[Collection entries]
☆ ☆ ☆ ☆

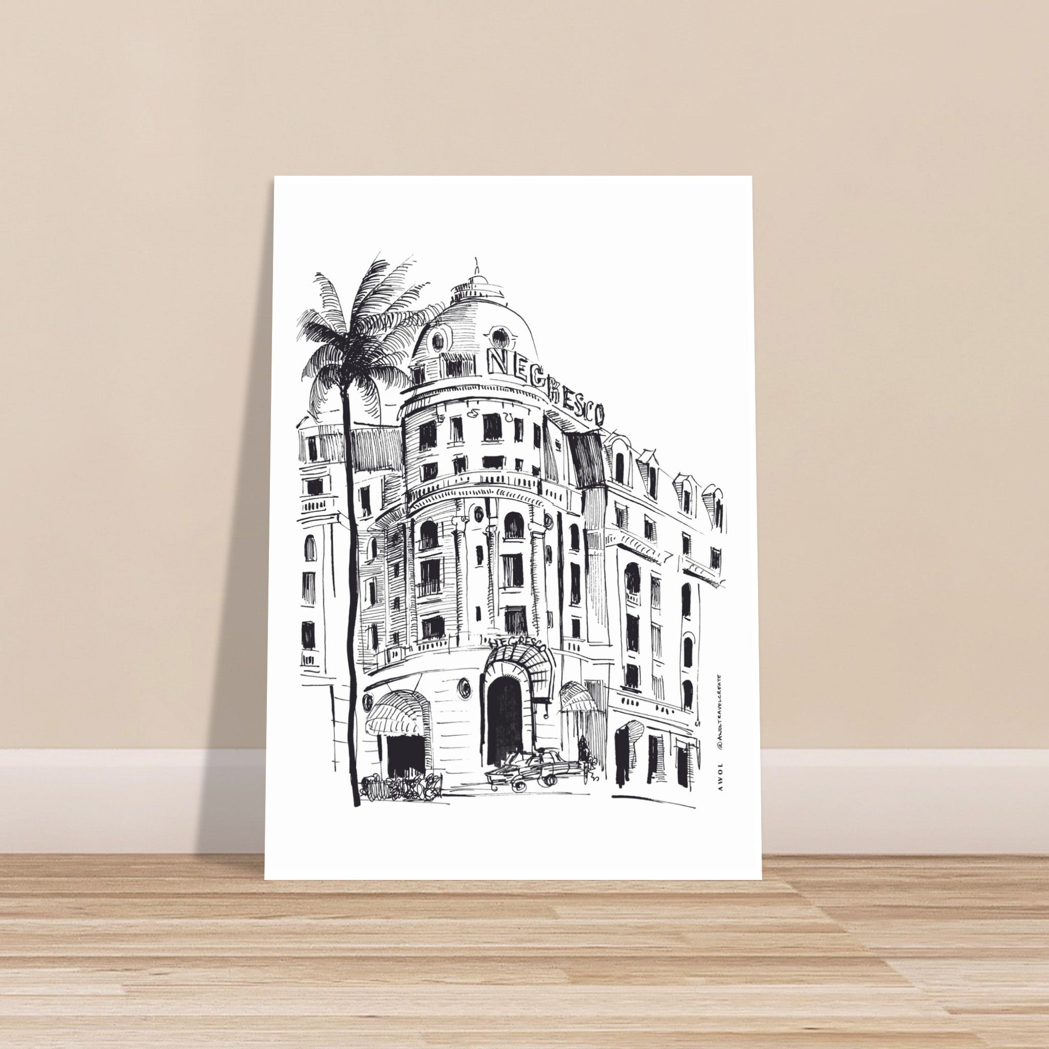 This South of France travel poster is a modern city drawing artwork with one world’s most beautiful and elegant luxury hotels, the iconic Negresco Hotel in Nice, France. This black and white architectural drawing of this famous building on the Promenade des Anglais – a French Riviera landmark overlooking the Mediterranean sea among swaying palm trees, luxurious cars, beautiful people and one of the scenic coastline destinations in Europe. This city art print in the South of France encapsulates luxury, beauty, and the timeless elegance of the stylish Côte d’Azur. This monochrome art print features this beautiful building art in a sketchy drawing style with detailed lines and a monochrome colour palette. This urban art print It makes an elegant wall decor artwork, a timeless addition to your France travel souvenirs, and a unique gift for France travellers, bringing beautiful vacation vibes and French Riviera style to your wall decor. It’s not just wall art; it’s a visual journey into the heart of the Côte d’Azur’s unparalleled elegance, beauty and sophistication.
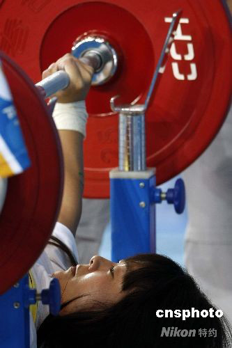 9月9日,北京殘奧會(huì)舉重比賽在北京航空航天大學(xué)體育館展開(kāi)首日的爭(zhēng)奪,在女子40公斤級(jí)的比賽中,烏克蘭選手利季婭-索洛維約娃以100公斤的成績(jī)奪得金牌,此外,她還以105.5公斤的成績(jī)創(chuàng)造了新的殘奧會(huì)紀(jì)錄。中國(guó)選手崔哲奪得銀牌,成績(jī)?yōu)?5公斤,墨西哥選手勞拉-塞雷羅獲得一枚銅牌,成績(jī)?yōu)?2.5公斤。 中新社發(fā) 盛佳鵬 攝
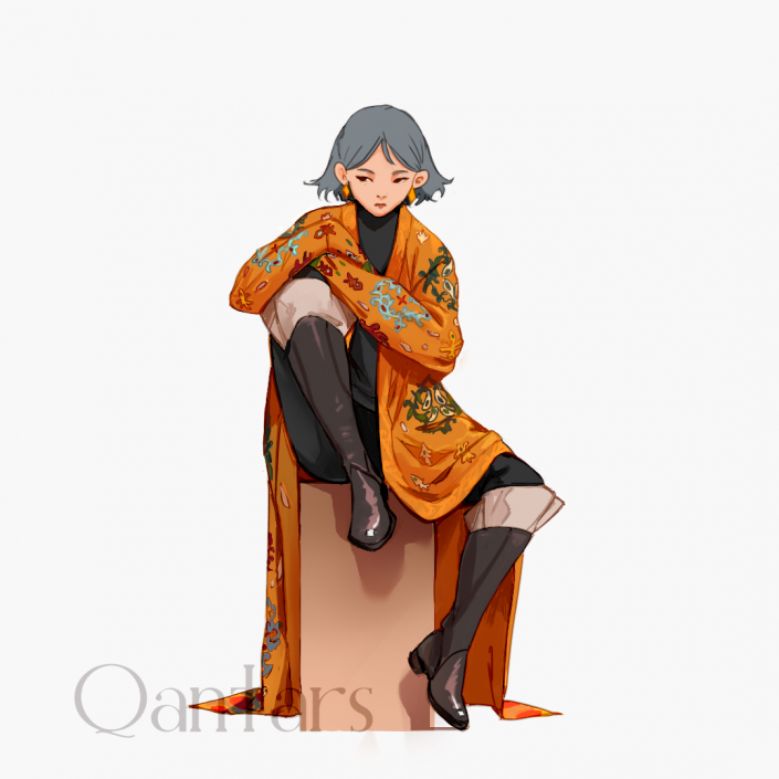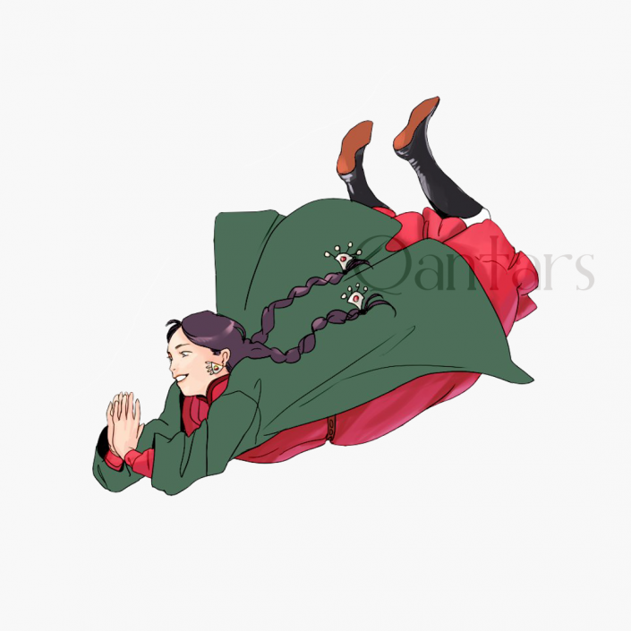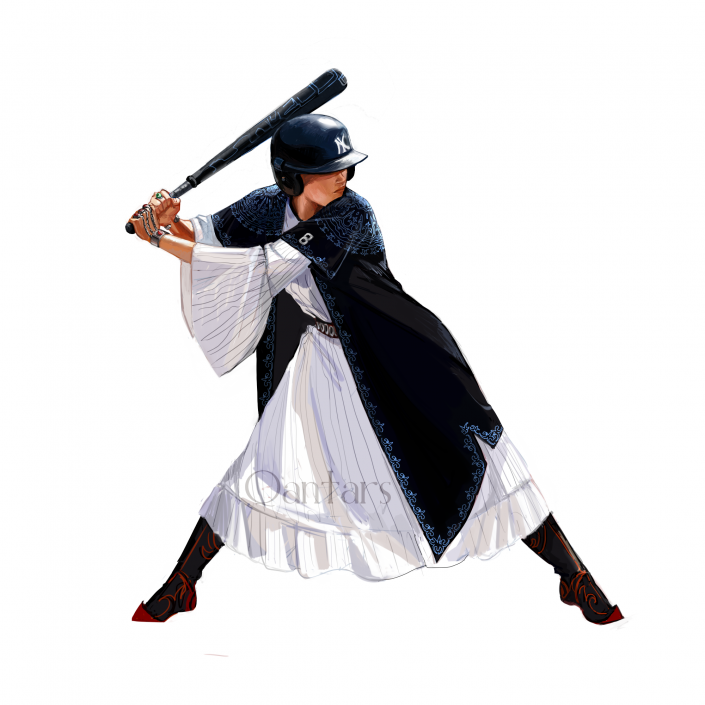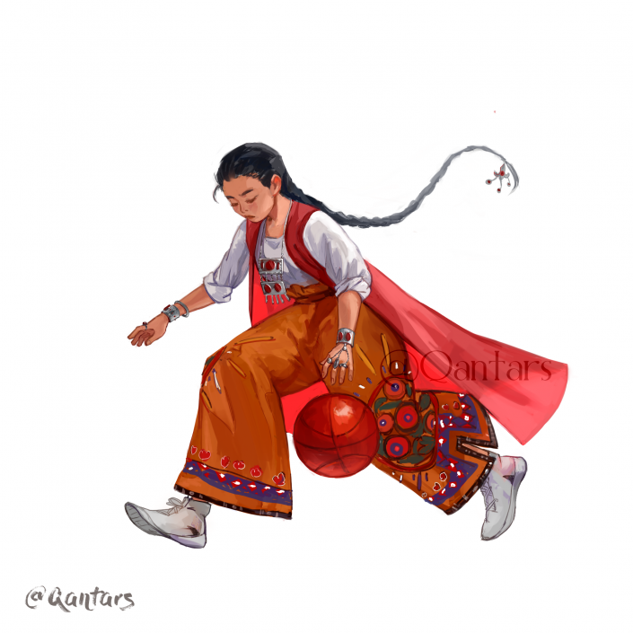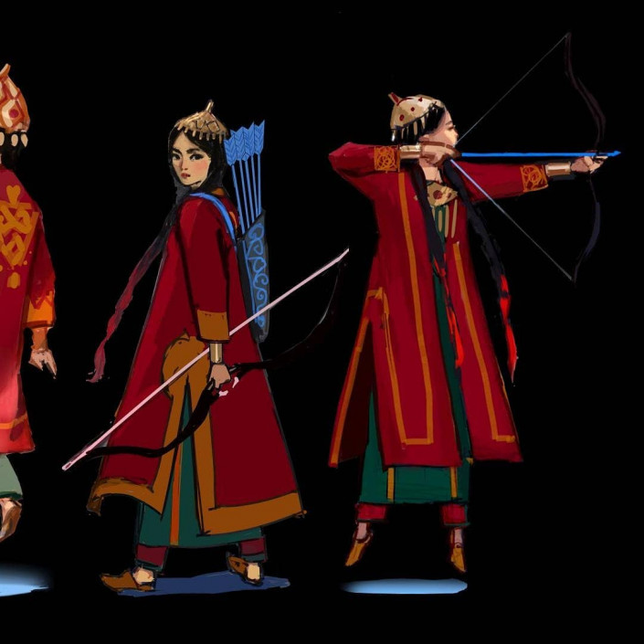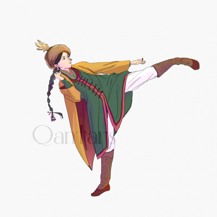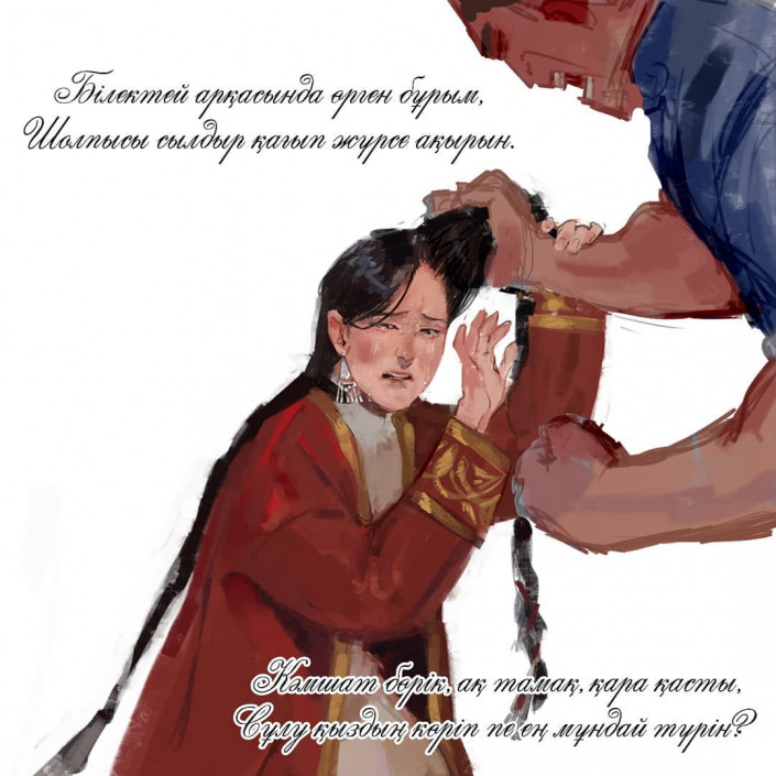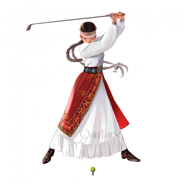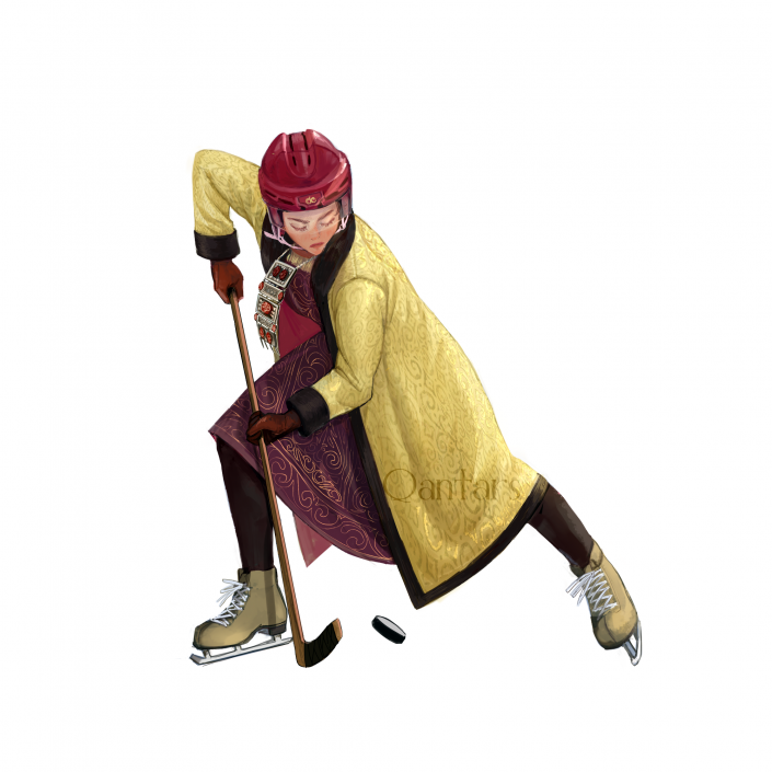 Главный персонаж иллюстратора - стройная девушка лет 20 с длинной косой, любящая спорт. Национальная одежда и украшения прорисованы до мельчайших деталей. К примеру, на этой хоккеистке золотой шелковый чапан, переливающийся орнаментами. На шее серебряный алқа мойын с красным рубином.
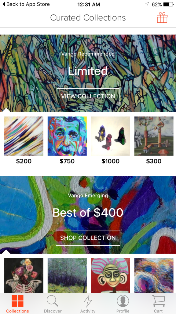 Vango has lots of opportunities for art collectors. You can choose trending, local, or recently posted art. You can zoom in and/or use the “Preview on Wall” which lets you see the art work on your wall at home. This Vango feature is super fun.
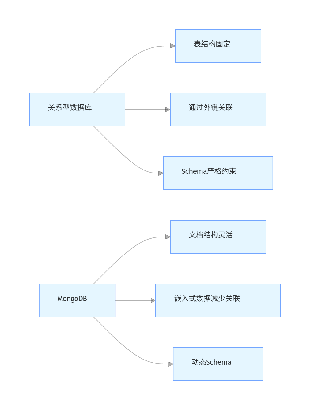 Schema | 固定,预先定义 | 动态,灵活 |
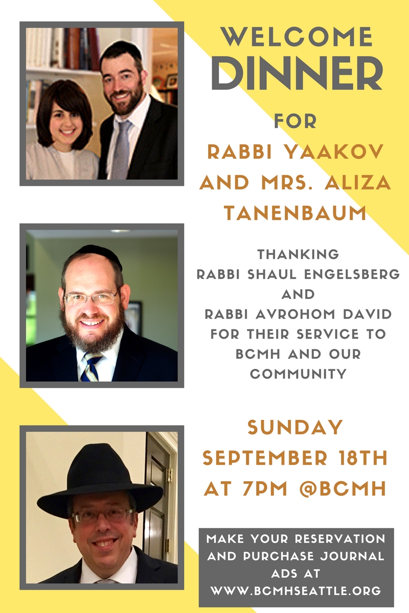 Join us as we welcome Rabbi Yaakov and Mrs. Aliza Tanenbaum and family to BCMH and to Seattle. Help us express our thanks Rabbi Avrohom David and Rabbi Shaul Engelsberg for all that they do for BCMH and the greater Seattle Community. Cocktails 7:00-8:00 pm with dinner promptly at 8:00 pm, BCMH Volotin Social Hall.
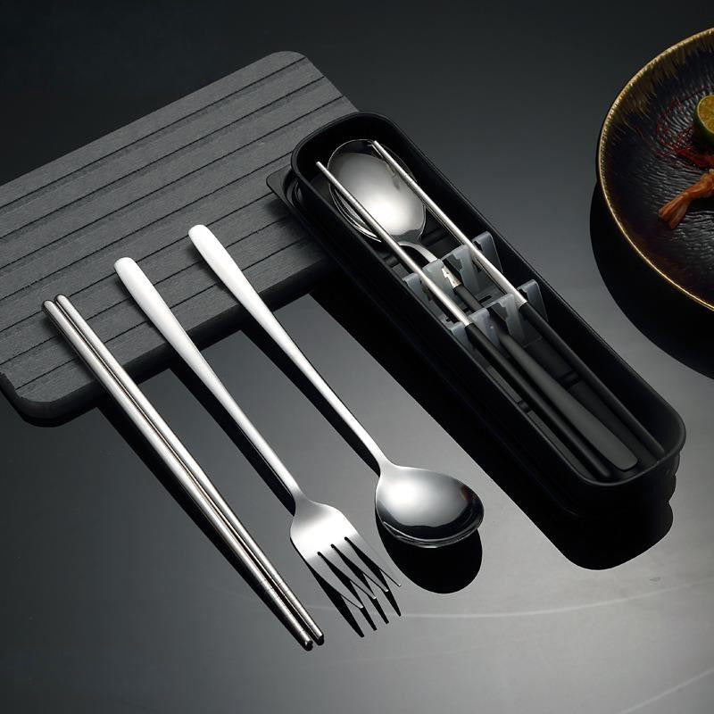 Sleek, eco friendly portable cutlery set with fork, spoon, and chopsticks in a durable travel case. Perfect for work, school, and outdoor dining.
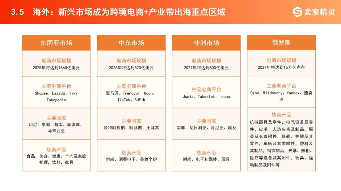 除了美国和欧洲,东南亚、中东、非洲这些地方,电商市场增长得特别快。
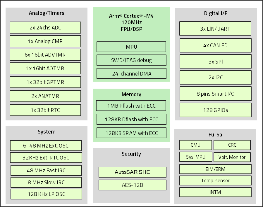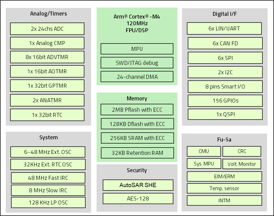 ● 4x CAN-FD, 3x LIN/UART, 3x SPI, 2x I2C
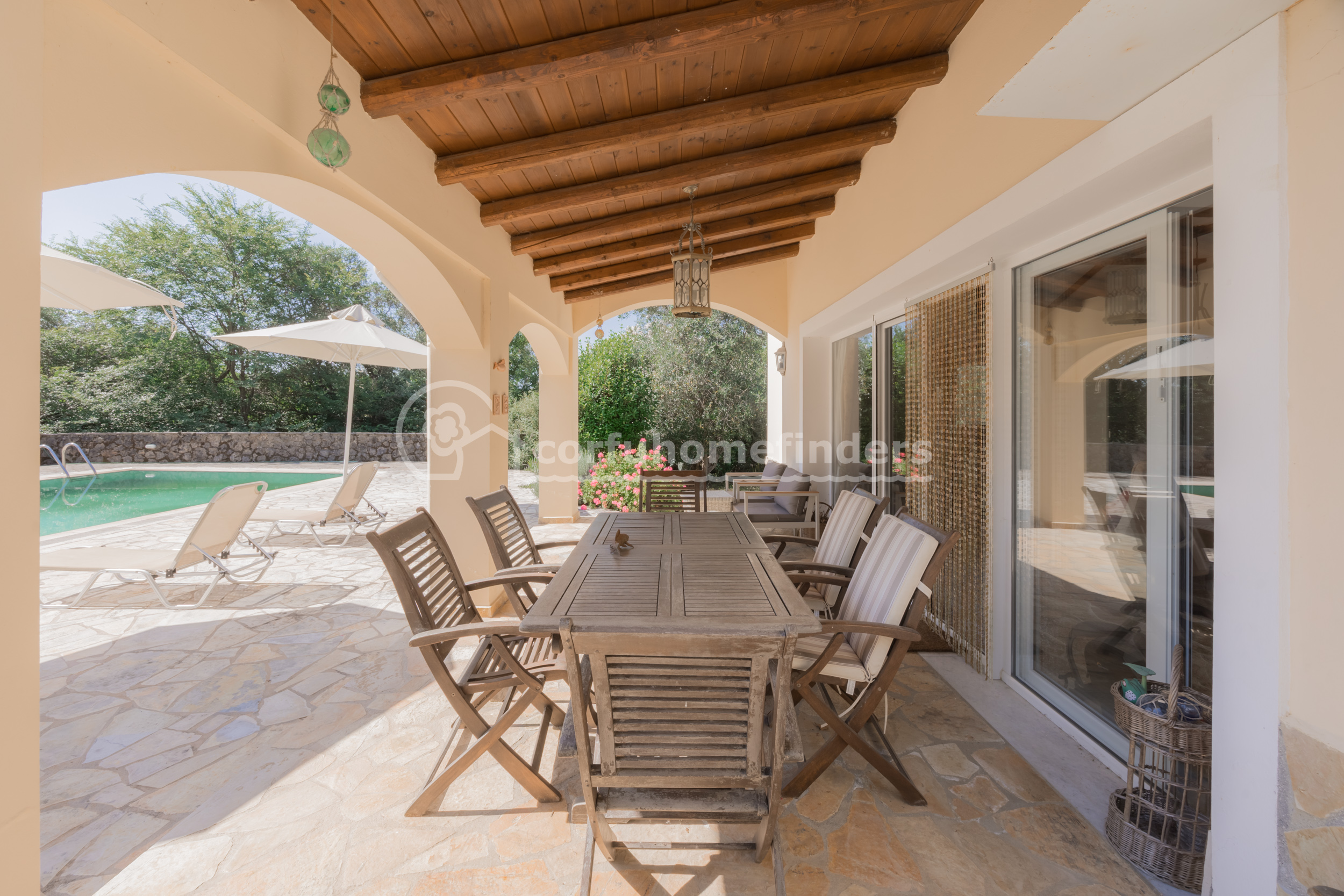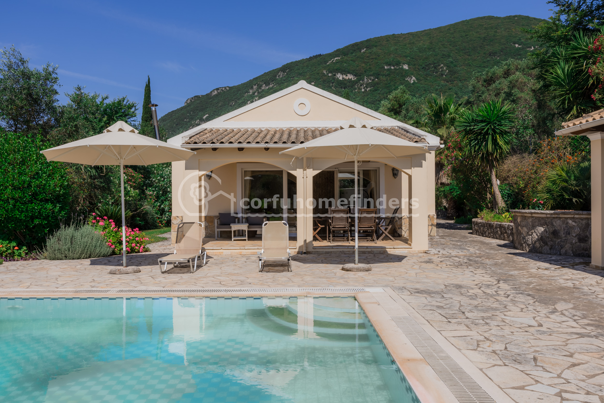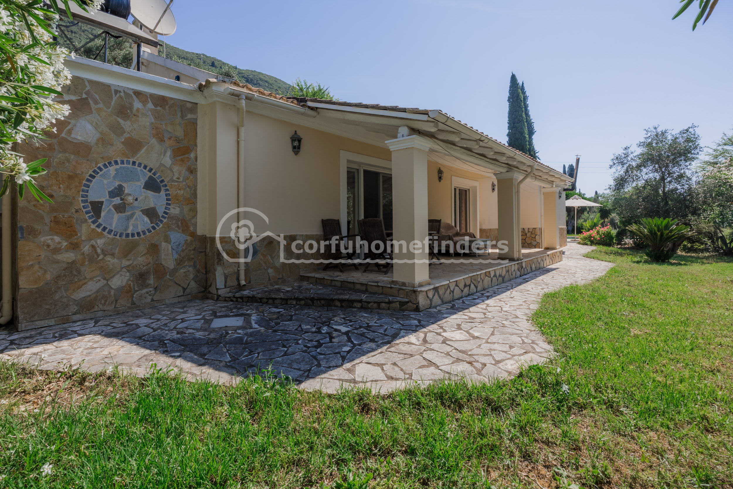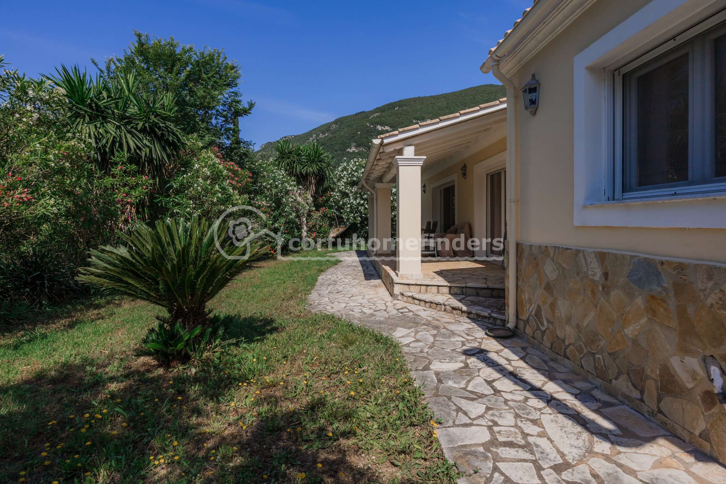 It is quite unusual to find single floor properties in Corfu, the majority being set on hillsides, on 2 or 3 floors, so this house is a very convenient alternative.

☆ ☆ ☆ ☆

**WHAT YOU NEED TO DO:**
Without including any picture, retype the entries exactly.

**RESPONSE TO THIS TASK:**
 This South of France travel poster is a modern city drawing artwork with one world’s most beautiful and elegant luxury hotels, the iconic Negresco Hotel in Nice, France. This black and white architectural drawing of this famous building on the Promenade des Anglais – a French Riviera landmark overlooking the Mediterranean sea among swaying palm trees, luxurious cars, beautiful people and one of the scenic coastline destinations in Europe. This city art print in the South of France encapsulates luxury, beauty, and the timeless elegance of the stylish Côte d’Azur. This monochrome art print features this beautiful building art in a sketchy drawing style with detailed lines and a monochrome colour palette. This urban art print It makes an elegant wall decor artwork, a timeless addition to your France travel souvenirs, and a unique gift for France travellers, bringing beautiful vacation vibes and French Riviera style to your wall decor. It’s not just wall art; it’s a visual journey into the heart of the Côte d’Azur’s unparalleled elegance, beauty and sophistication.
 9月9日,北京殘奧會(huì)舉重比賽在北京航空航天大學(xué)體育館展開(kāi)首日的爭(zhēng)奪,在女子40公斤級(jí)的比賽中,烏克蘭選手利季婭-索洛維約娃以100公斤的成績(jī)奪得金牌,此外,她還以105.5公斤的成績(jī)創(chuàng)造了新的殘奧會(huì)紀(jì)錄。中國(guó)選手崔哲奪得銀牌,成績(jī)?yōu)?5公斤,墨西哥選手勞拉-塞雷羅獲得一枚銅牌,成績(jī)?yōu)?2.5公斤。 中新社發(fā) 盛佳鵬 攝
 Главный персонаж иллюстратора - стройная девушка лет 20 с длинной косой, любящая спорт. Национальная одежда и украшения прорисованы до мельчайших деталей. К примеру, на этой хоккеистке золотой шелковый чапан, переливающийся орнаментами. На шее серебряный алқа мойын с красным рубином.
 Vango has lots of opportunities for art collectors. You can choose trending, local, or recently posted art. You can zoom in and/or use the “Preview on Wall” which lets you see the art work on your wall at home. This Vango feature is super fun.
 Schema | 固定,预先定义 | 动态,灵活 |
 Join us as we welcome Rabbi Yaakov and Mrs. Aliza Tanenbaum and family to BCMH and to Seattle. Help us express our thanks Rabbi Avrohom David and Rabbi Shaul Engelsberg for all that they do for BCMH and the greater Seattle Community. Cocktails 7:00-8:00 pm with dinner promptly at 8:00 pm, BCMH Volotin Social Hall.
 Sleek, eco friendly portable cutlery set with fork, spoon, and chopsticks in a durable travel case. Perfect for work, school, and outdoor dining.
 除了美国和欧洲,东南亚、中东、非洲这些地方,电商市场增长得特别快。
 ● 4x CAN-FD, 3x LIN/UART, 3x SPI, 2x I2C
 It is quite unusual to find single floor properties in Corfu, the majority being set on hillsides, on 2 or 3 floors, so this house is a very convenient alternative.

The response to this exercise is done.